Dennis Zimmer: vChain was founded in late summer 2018 by Moshe Bar, a well-known
name in the software industry both as a tech visionary and as the founder of
XenSource (Xen Hypervisor) and Qumranet (KVM Hypervisor), and Dennis Zimmer, an
opinion leader in the virtualization space for the last 20 years and a VMware vExpert for 10 years since the award was first introduced.
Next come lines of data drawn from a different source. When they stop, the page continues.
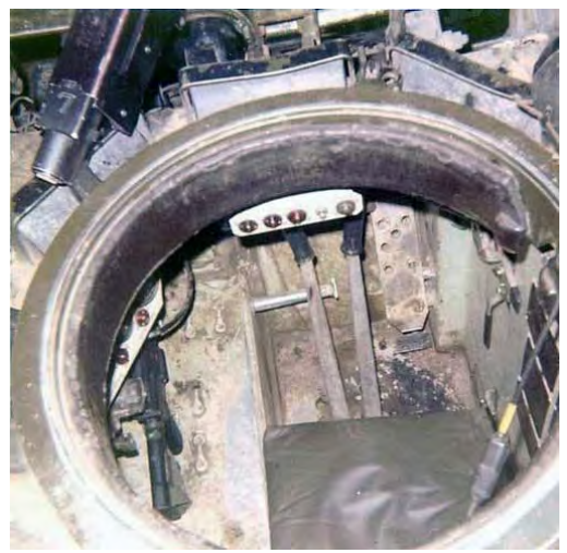
9. Phan Rang AB, M113's Driver's hatch and seat.
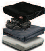
Fusion™ E2622, E2623
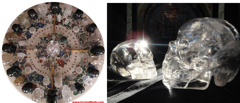
Images of The 22-pound life-size Tibetan Crystal Skull AMAR energizing crystal skulls: (left) AMAR with crystal skulls on 5-foot ceremonial inlaid table; (right) AMAR beaming energy into a crystal skull

When we receive an order, each crystal skull is specifically selected intuitively for you, as the crystal skull chooses its guardian – this is true even for the smallest crystal skulls. Your crystal skull is again placed on the large marble table inlaid with semi-precious stones overlooking a mystical lake. AMAR and CANA IXIM are placed in the center of this table to fully energize and optimally activate your crystal skull for you. We often perform special ceremonies and activations with the cycles of the moon, and on other special, sacred and auspicious dates. We set the highest universal intentions that each and every crystal skull will bring love, light, joy, peace, prosperity, protection, wisdom, guidance, healing, inspiration, fulfillment and wellbeing to all whom they encounter. People can feel these powerful energies emanating from our crystal skulls, sometimes right through the box that they arrive in!
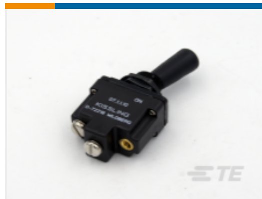
TE Part # K2015512 Toggle Switch 07-1-1-10
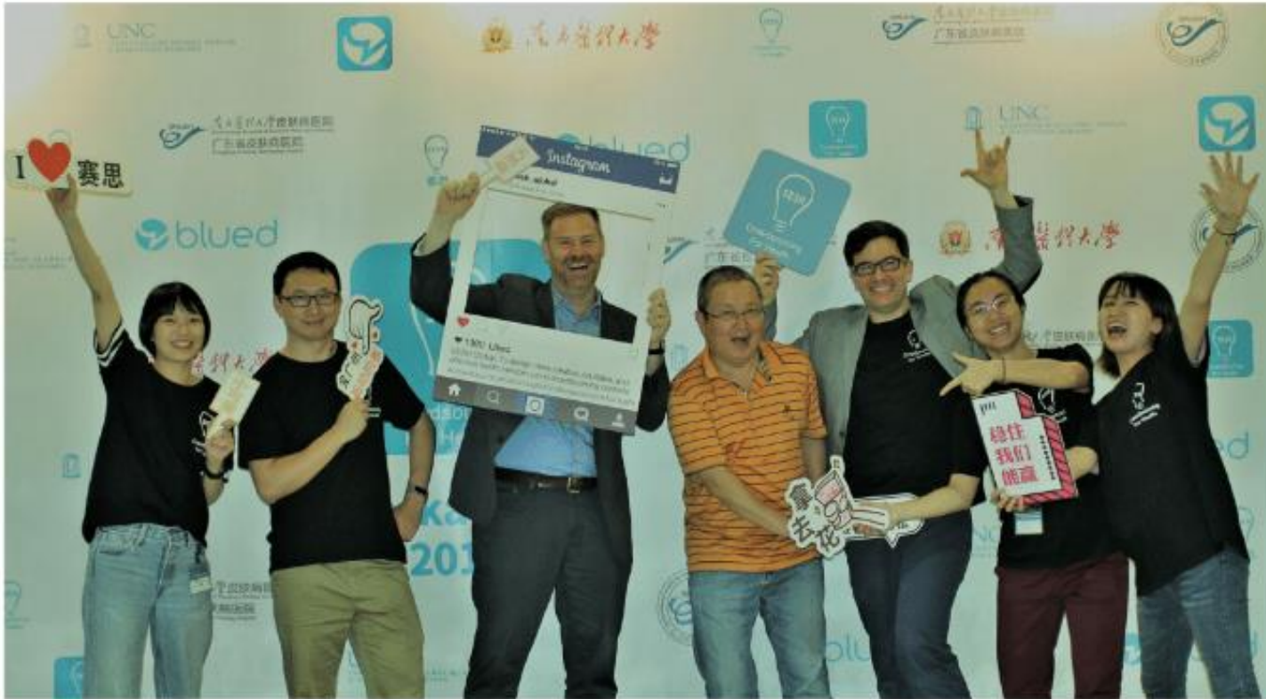
Hackathon to develop a mobile app for MSM
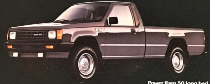
Power Ram 50 long bed

And because everyone's idea of fun differs, we offer two additional Power Ram 50 models: the Custom long bed and the Sport standard bed to suit your idea of a good time.
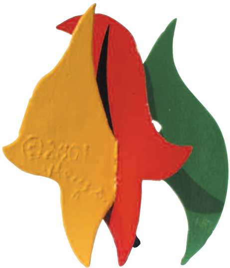
Small Sculpture , 2001. Painted steel. 16" × 14" × 14.5"
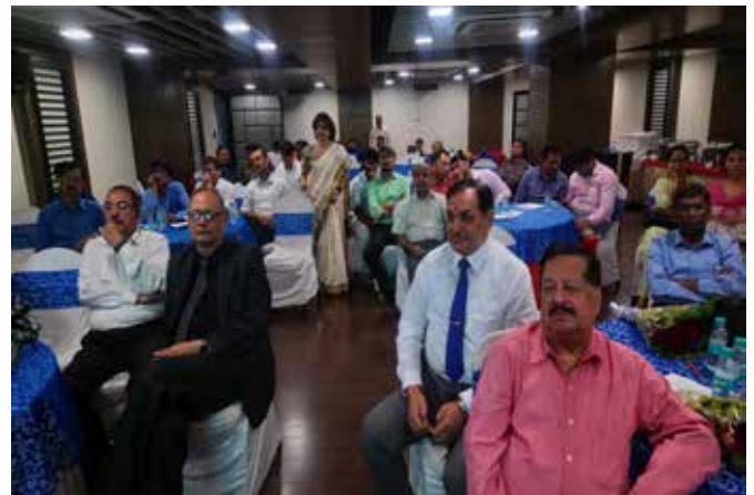
CME on 17th March 2019 at Hotel Panache Patna

The link to the Academy Today Mar 2019 issue
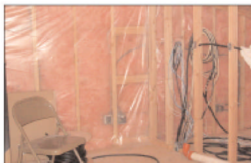
The Stage Hands area is being wired and insulated.
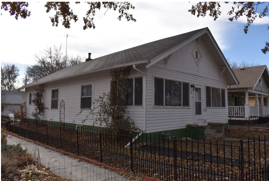
CD 1, Image 105, View to Southwest, of the dwelling
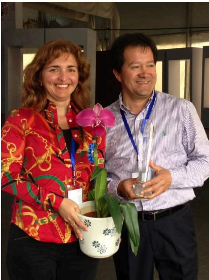
Ecuagenera wins Grand Champion at Shanghai International Orchid Show, March 2014
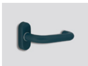
Blue titanium Metallic matte effect
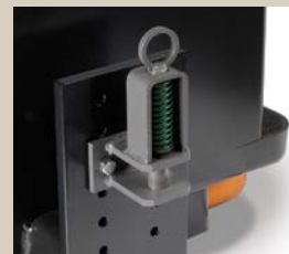
Spring-Loaded Pin and Clevis

Hitches are available in five styles to accommodate the variety of couplers used on towable carts. All hitches are built from premium grade steel for

Through our long-standing experience with VM images,
containers and source code, we realized that there was no solution in the
market which could guarantee the integrity and identity of the software assets.
In today's open, agile and fast-changing world there is a huge risk to deploy
malicious, outdated or insecure software unknowingly by deceit.
System administrators and DevOps folks are continuously at
risk of accidentally choosing the wrong library to install or container to
deploy. In the blockchain technology we found the missing link which would
allow us to build a revolutionary solution to this problem and to provide
software integrity and trust once and for all.
As we all know, digital certificates are unfit for
encrypted communication, witness the rise of Let´s Encrypt. The same is true
for signing code and virtual assets. Today, 66% of malware is signed using
officially issued digital certificates. However, software publishers cannot
sign each digital asset individually because that would be a cost and management
nightmare.
So,
the bad guys know that as long as they provide any kind of digital certificate
their malicious code will be installed because - let's be honest - who ever
checks certificates before installing software.
VMblog: And can you dive
into the technology to explain what it is that you do and offer?
Zimmer: vChain is a platform for providing and verifying software
trust. Software publishers can create their unique and verified identity on
vChain and sign their code. Compared to digital certificate, each asset is signed
with an individual signature (committed to the platform) instead of a
company-wide certificate. This means that vendors can manage their signatures
at single asset level. Software assets can be everything - source code,
binaries, containers, iso or virtual machine images, scripts, patches, etc.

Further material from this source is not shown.